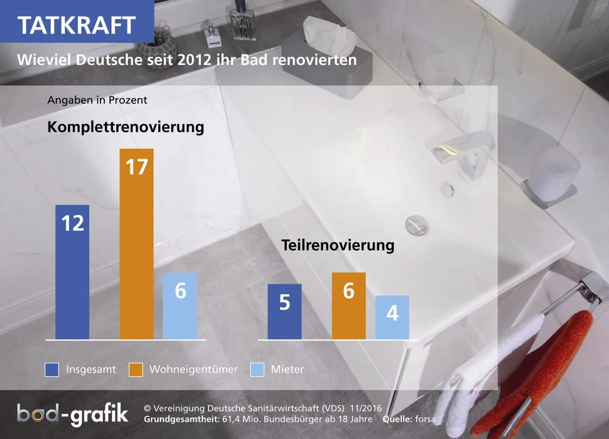 Danach sind 52 % bzw. 32 Mio. Personen Wohneigentümer, während 48 % bzw. 29,5 Mio. Personen zur Miete wohnen. Der Untersuchung zufolge erneuerten seit 2012 insgesamt 17 % der Bundesbürger ihr Bad entweder komplett (12 %) oder teilweise (5 %). Als Kriterium einer Teilrenovierung sei dabei mindestens der Austausch von wesentlichen Objekten wie Waschbecken, Badewanne, Toilette oder Dusche definiert worden. Bei Komplettsanierungen liege die Eigentümerquote mit 17 % erwartungsgemäß deutlich über dem entsprechenden Mieter-Anteil (6 %). Dagegen falle die Differenz bei den Teilrenovierungen (6 % bzw. 4 %) erheblich geringer aus.
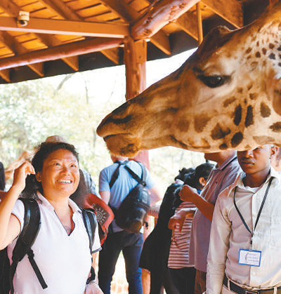 | 近年来,春节期间前往非洲旅游的中国游客逐渐增多。今年春节期间,在肯尼亚首都内罗毕的长颈鹿中心,一名中国游客和长颈鹿互动。 |
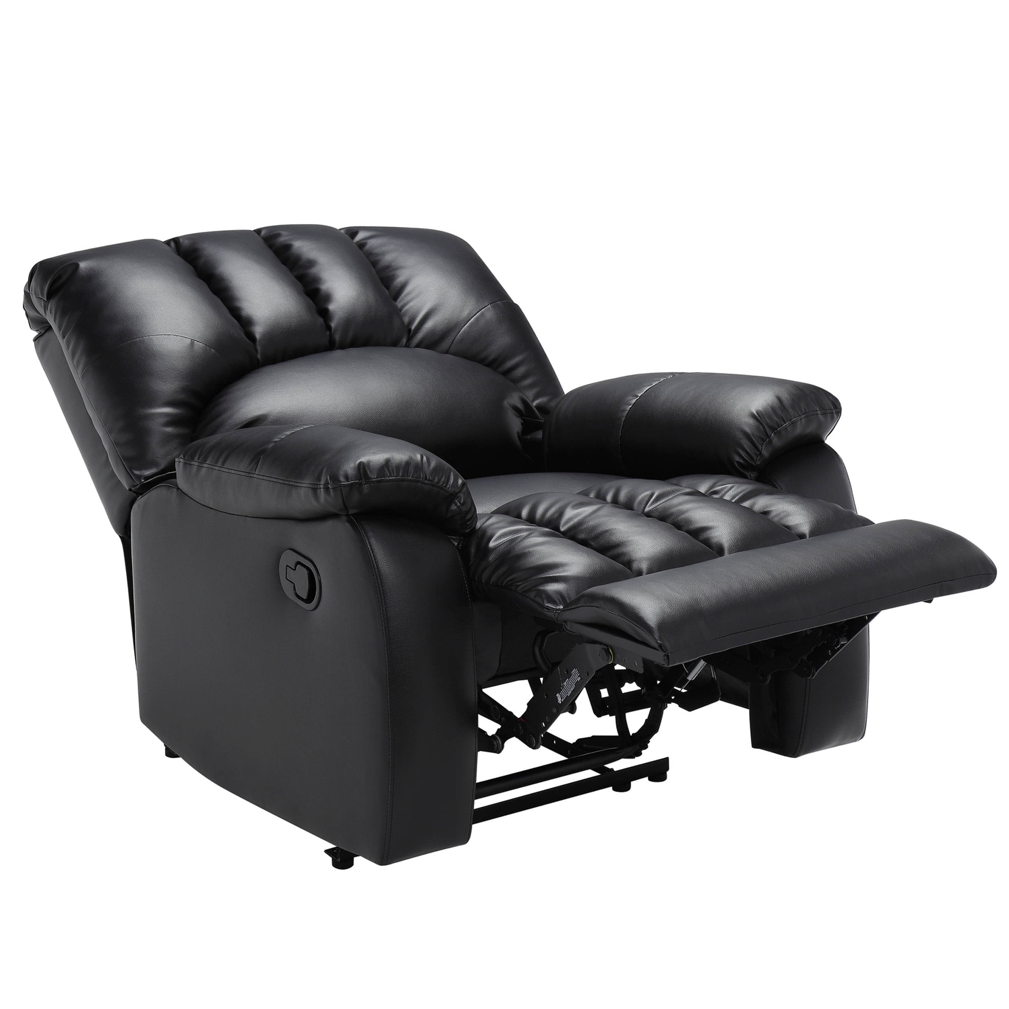 Mainstays Small Space Recliner with Pocketed Comfort Coils, Black Faux Leather
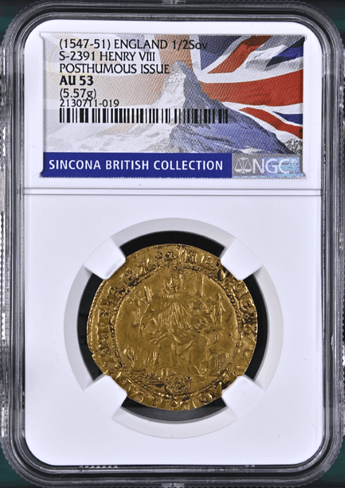 グレートブリテンエドワード6世ヘンリー8世名義1547-49年1/2ソブリン金貨NGC-MS62
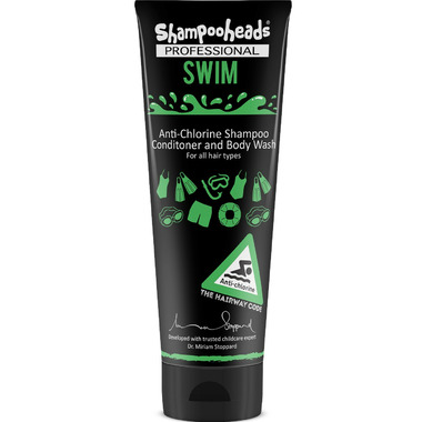 Shampooheads Professional Swim is a 3-in-1 Shampoo, Conditioner, and Anti-Chlorine Body Wash takes care of swimmers’ hair and skin often damaged by sea, salt, pollution and pool chemicals. Specifically formulated for teens and tweens.

------------------------------------------------

■ Required action ■
Your task is to retype the listing exactly, without its pictures.

■ Response ■
 Danach sind 52 % bzw. 32 Mio. Personen Wohneigentümer, während 48 % bzw. 29,5 Mio. Personen zur Miete wohnen. Der Untersuchung zufolge erneuerten seit 2012 insgesamt 17 % der Bundesbürger ihr Bad entweder komplett (12 %) oder teilweise (5 %). Als Kriterium einer Teilrenovierung sei dabei mindestens der Austausch von wesentlichen Objekten wie Waschbecken, Badewanne, Toilette oder Dusche definiert worden. Bei Komplettsanierungen liege die Eigentümerquote mit 17 % erwartungsgemäß deutlich über dem entsprechenden Mieter-Anteil (6 %). Dagegen falle die Differenz bei den Teilrenovierungen (6 % bzw. 4 %) erheblich geringer aus.
 | 近年来,春节期间前往非洲旅游的中国游客逐渐增多。今年春节期间,在肯尼亚首都内罗毕的长颈鹿中心,一名中国游客和长颈鹿互动。 |
 Mainstays Small Space Recliner with Pocketed Comfort Coils, Black Faux Leather
 グレートブリテンエドワード6世ヘンリー8世名義1547-49年1/2ソブリン金貨NGC-MS62
 Shampooheads Professional Swim is a 3-in-1 Shampoo, Conditioner, and Anti-Chlorine Body Wash takes care of swimmers’ hair and skin often damaged by sea, salt, pollution and pool chemicals. Specifically formulated for teens and tweens.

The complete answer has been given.